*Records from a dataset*

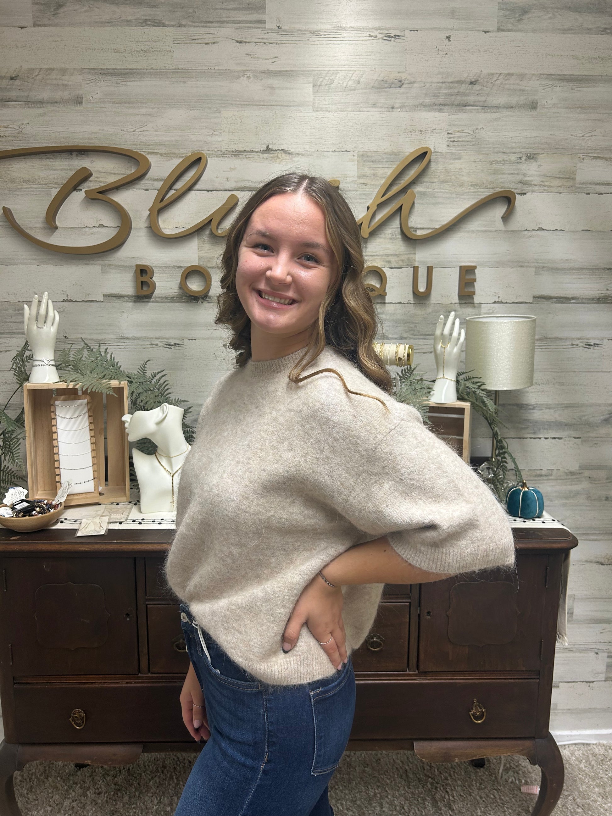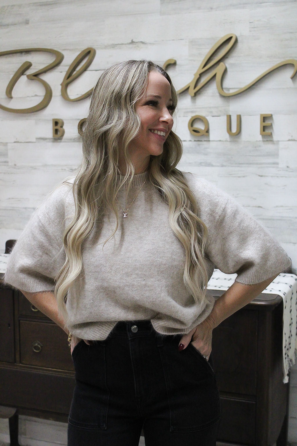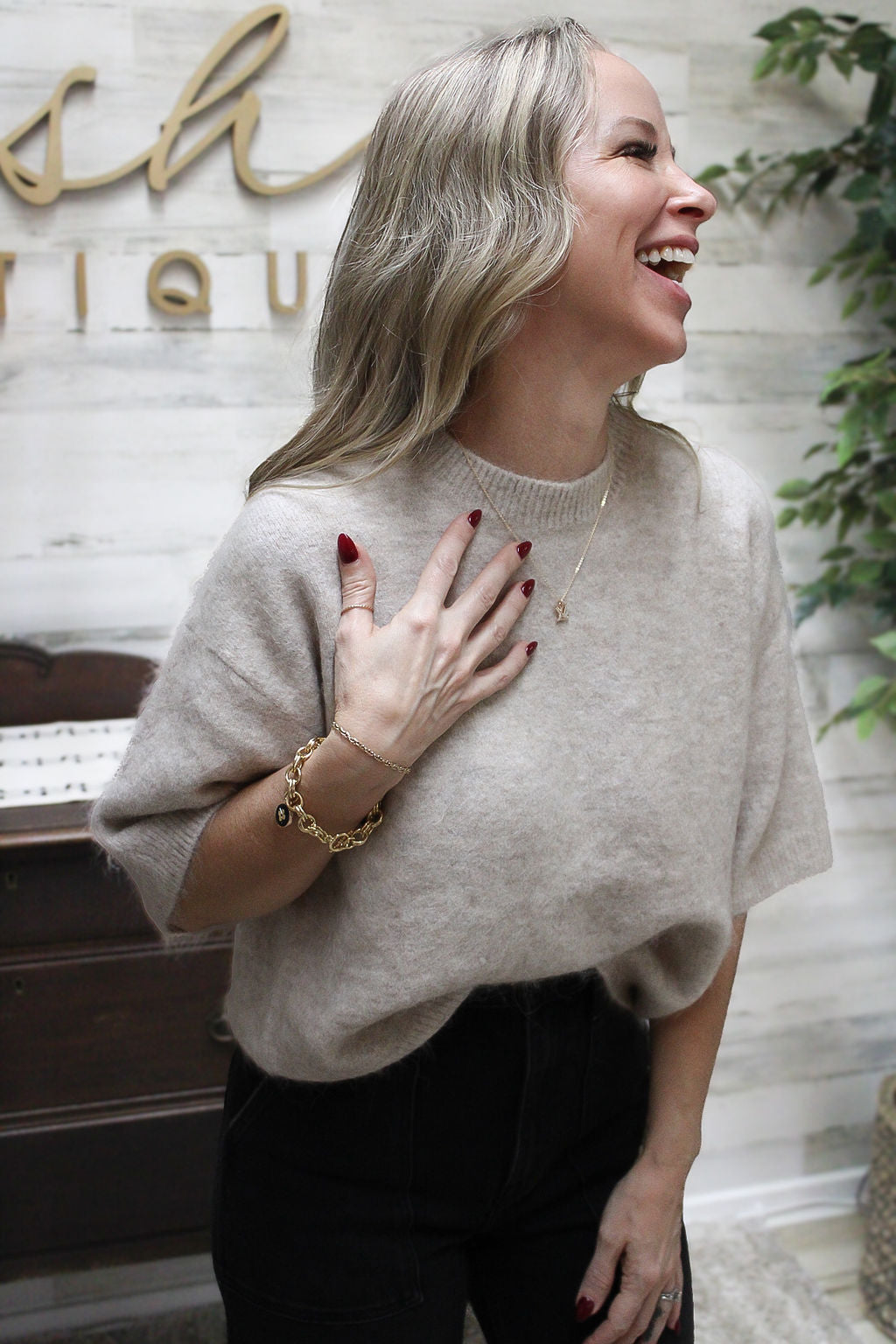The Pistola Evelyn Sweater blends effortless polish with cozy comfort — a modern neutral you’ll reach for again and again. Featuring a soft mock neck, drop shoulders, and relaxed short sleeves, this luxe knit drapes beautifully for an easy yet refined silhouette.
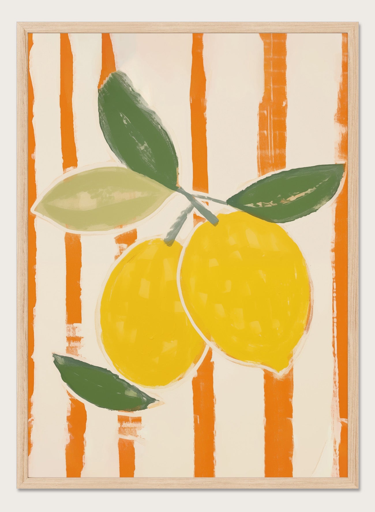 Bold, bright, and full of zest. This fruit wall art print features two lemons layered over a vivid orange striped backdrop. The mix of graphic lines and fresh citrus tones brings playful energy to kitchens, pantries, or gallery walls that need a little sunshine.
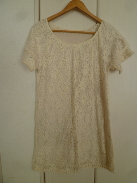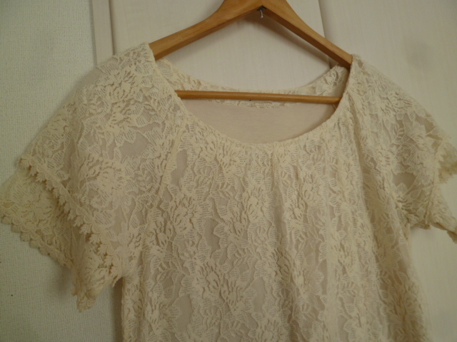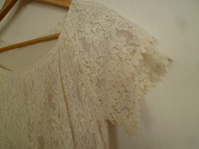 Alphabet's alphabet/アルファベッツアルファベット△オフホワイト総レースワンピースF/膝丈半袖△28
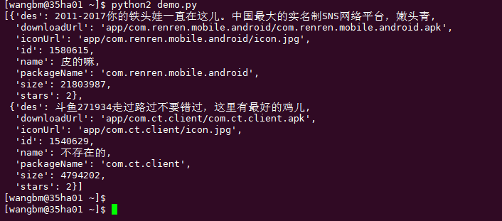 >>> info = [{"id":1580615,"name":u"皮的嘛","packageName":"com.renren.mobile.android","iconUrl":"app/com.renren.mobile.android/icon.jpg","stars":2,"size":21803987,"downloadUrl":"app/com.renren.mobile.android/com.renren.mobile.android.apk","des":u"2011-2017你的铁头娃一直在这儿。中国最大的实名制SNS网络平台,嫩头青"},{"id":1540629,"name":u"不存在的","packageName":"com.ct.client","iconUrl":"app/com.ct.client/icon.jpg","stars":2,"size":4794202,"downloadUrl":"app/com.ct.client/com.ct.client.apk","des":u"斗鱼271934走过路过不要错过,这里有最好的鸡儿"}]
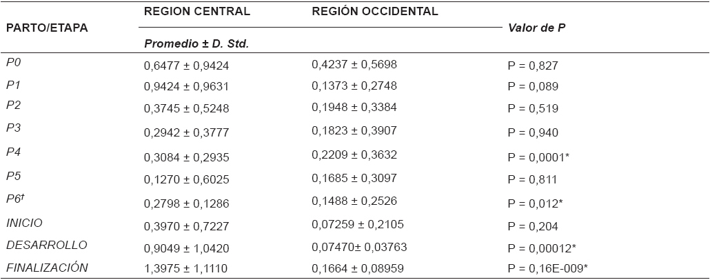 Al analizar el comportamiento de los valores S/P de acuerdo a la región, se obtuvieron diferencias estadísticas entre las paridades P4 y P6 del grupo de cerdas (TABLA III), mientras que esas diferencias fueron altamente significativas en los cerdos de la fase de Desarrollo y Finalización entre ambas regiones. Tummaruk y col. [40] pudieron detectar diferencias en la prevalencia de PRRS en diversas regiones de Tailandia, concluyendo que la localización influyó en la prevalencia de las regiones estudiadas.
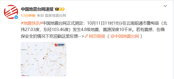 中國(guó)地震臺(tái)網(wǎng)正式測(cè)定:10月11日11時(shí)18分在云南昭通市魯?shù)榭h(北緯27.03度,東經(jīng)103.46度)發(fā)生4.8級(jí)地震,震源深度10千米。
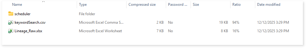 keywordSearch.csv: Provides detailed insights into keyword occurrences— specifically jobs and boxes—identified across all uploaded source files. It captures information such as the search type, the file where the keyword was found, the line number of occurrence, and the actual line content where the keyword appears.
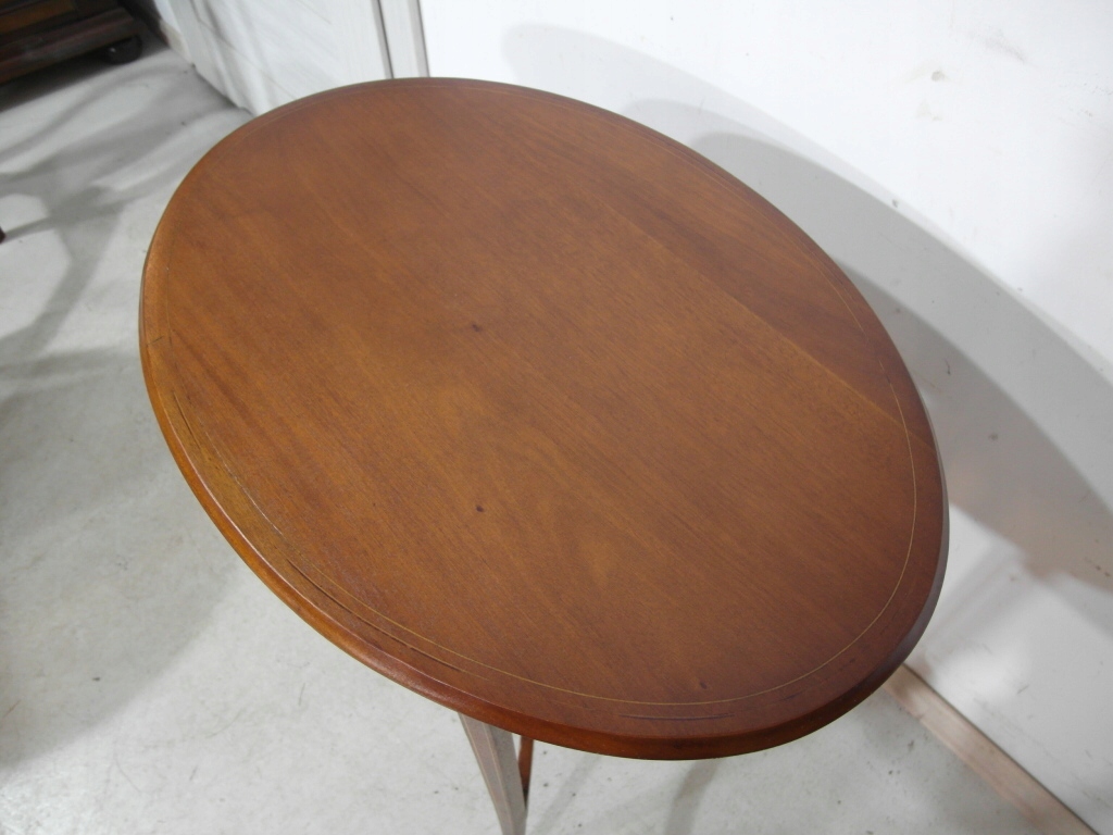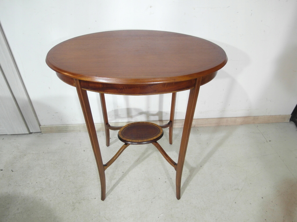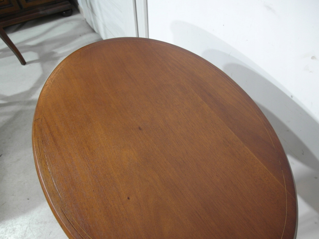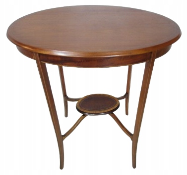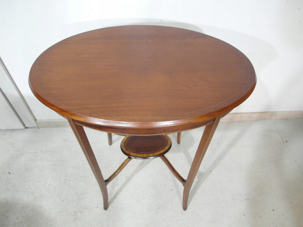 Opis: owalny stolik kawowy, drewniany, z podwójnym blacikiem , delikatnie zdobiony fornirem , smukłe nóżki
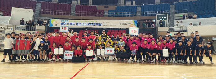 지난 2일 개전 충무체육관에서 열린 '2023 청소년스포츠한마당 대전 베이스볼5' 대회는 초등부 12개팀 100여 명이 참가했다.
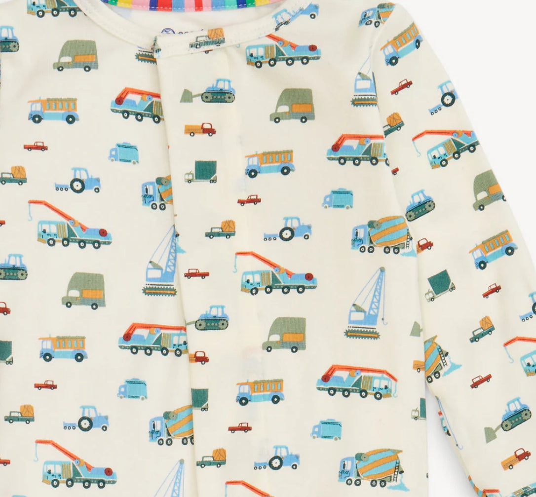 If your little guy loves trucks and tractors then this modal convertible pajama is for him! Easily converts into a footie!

*Task brief*
What you write must match, line for line, the records from the line containing "지난 2일 개전 충무체육관에서" through the last line, with every picture left out.

*Response to this exercise*
 지난 2일 개전 충무체육관에서 열린 '2023 청소년스포츠한마당 대전 베이스볼5' 대회는 초등부 12개팀 100여 명이 참가했다.
 If your little guy loves trucks and tractors then this modal convertible pajama is for him! Easily converts into a footie!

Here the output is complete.